Test sierologici a pagamento per i privati: ecco come funziona
La Lombardia è pronta a dire «sì» ai test sierologici a pagamento nei laboratori privati.
Dopo due rinvii - legati, da un lato, all’attesa delle direttive ministeriali stilate sabato e, dall’altro, alla ricerca di un equilibrio che potesse consentire di non «ingolfare» gli elenchi già predisposti dall’Agenzia di tutela della salute sul fronte tamponi - il via libera ufficiale all’attesa delibera è previsto per la giornata di oggi. Si tratta di disposizioni che, una volta incassato l’imprimatur, saranno operative immediatamente, vale a dire a partire dal giorno successivo: se tutto andrà bene, quindi, da domani. Compatibilmente con la disponibilità dei kit dei singoli laboratori.
L’iter da seguire. I dettagli saranno illustrati soltanto oggi, ma più di qualche indicazione è già certa e si può anticipare. A partire dal metodo: nei laboratori privati di microbiologia e virologia (o accreditati e a contratto con il sistema sanitario regionale) si potranno eseguire sia i test con prelievo del sangue (metodica Clia o Elisa) sia quelli rapidi (le cosiddette «saponette»), purché certificati.

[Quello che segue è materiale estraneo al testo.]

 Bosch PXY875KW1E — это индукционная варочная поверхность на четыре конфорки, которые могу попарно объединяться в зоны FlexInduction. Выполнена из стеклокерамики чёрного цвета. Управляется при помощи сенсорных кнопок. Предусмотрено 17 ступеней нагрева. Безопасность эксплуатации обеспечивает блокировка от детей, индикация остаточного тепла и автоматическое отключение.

La tariffa, trattandosi di libero mercato, viene decisa autonomamente, ma - e qui c’è la prima novità rispetto alla bozza di delibera iniziale, sulla quale la Giunta guidata da Attilio Fontana si è confrontata la scorsa settimana - anche la Lombardia stabilirà un tetto massimo sul fronte dei costi: i test non potranno costare oltre i 60 o 70 euro. Non solo. L’azienda che decide di sottoporre al test sierologico i propri dipendenti dovrà farsi carico anche di effettuare i tamponi eventualmente necessari.
Questo perché, lo ricordiamo, i test sierologici rivelano la sola presenza di anticorpi, condizione che non garantisce di capire se la persona sia, seppur asintomatica, ancora contagiosa oppure no. L’unico strumento diagnostico era e resta il tampone, che consente invece di capire se si è positivi al Covid-19.

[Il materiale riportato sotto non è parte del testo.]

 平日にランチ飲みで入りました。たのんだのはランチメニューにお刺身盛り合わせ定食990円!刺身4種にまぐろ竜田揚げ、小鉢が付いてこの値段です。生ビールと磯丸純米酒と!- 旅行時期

Tutti coloro che si sottoporranno al prelievo di sangue (acconsentendo a svolgere il test sierologico: l’adesione, va ricordato, è su base volontaria) e che risulteranno positivi dovranno quindi poi effettuare necessariamente anche il tampone. E in entrambi i casi sarà l’azienda che sceglie di aderire allo screening a dover garantire il «kit completo», sempre attraverso i laboratori privati accreditati.

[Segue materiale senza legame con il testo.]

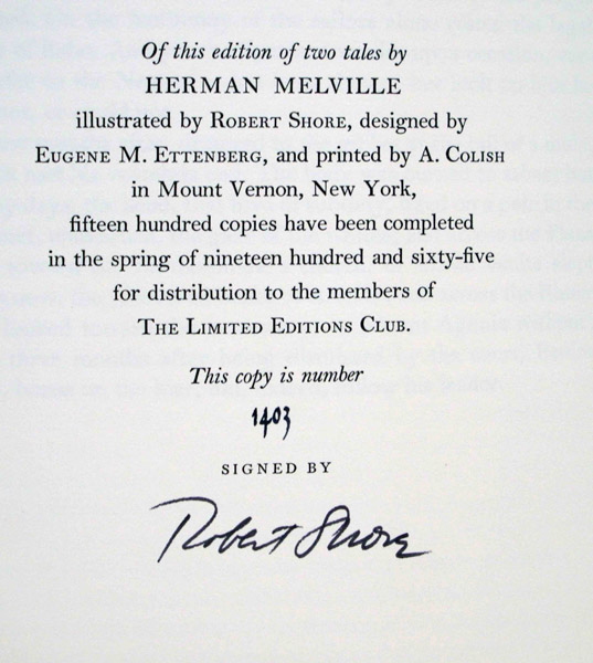 Billy Budd; Benito Cereno. With an introduction by Maxwell Geismar and paintings by Robert Shore. New York: The Limited Editions Club, 1965.

Si tratta, quest’ultimo, di un punto focale della delibera per almeno due ragioni: in primis si eviterà di pesare sul lavoro in corso di Ats, già alle prese con i controlli sulla platea della quarantena. E, in seconda battuta, l’iter individuato permetterà alle aziende stesse di accelerare le procedure, scongiurando così che i lavoratori rischino di dover attendere il proprio turno per il tampone per settimane intere.
Dal prelievo all’esito. Come si dovrà comportare la ditta che decide di sottoporre i dipendenti al test? Innanzitutto dovrà comunicarlo all’Ats, specificando una serie di informazioni tra cui il laboratorio prescelto, il medico responsabile, il numero di lavoratori coinvolti. Quindi, deve dimostrare di aver acquisito, oltre ai kit sierologici, anche una quota parte di tamponi pari almeno al 10% rispetto al numero delle persone che partecipano allo screening. Sarà il medico responsabile a dover vegliare sulla correttezza del metodo da seguire. Le aziende possono cercare anche produttori fuori dalla Regione, a condizione che il laboratorio di riferimento sia inserito nell’elenco del Ministero della Salute.
In sostanza, se l’esito del test sierologico è positivo (tradotto: rileva la presenza di anticorpi) va comunicato all’Ats di residenza e si deve stare in isolamento fino all’esecuzione del tampone nasofaringeo. Qualora quest’ultimo fosse negativo si potrà tornare al lavoro. In caso contrario l’iter ricalcherà quello già in vigore: si sarà segnalati sulla piattaforma telematica come nuovo caso Covid e scatterà la quarantena obbligatoria per l’interessato, mentre i contatti stretti saranno posti in isolamento fiduciario. Il metodo.
Potranno accedere all’esame anche i singoli cittadini? La risposta è sì. Secondo le prime indiscrezioni trapelate, l’unica condizione che la Lombardia porrà in questo senso, sarà l’utilizzo - da parte dei laboratori autorizzati a sottoporre alle analisi chi lo desidera - di test certificati. La linea adottata dalla Lombardia utilizza come «base» la delibera adottata dall’Emilia Romagna, arricchendola di alcune «rifiniture», modulate sulle linee di indirizzo fornite dal Ministero.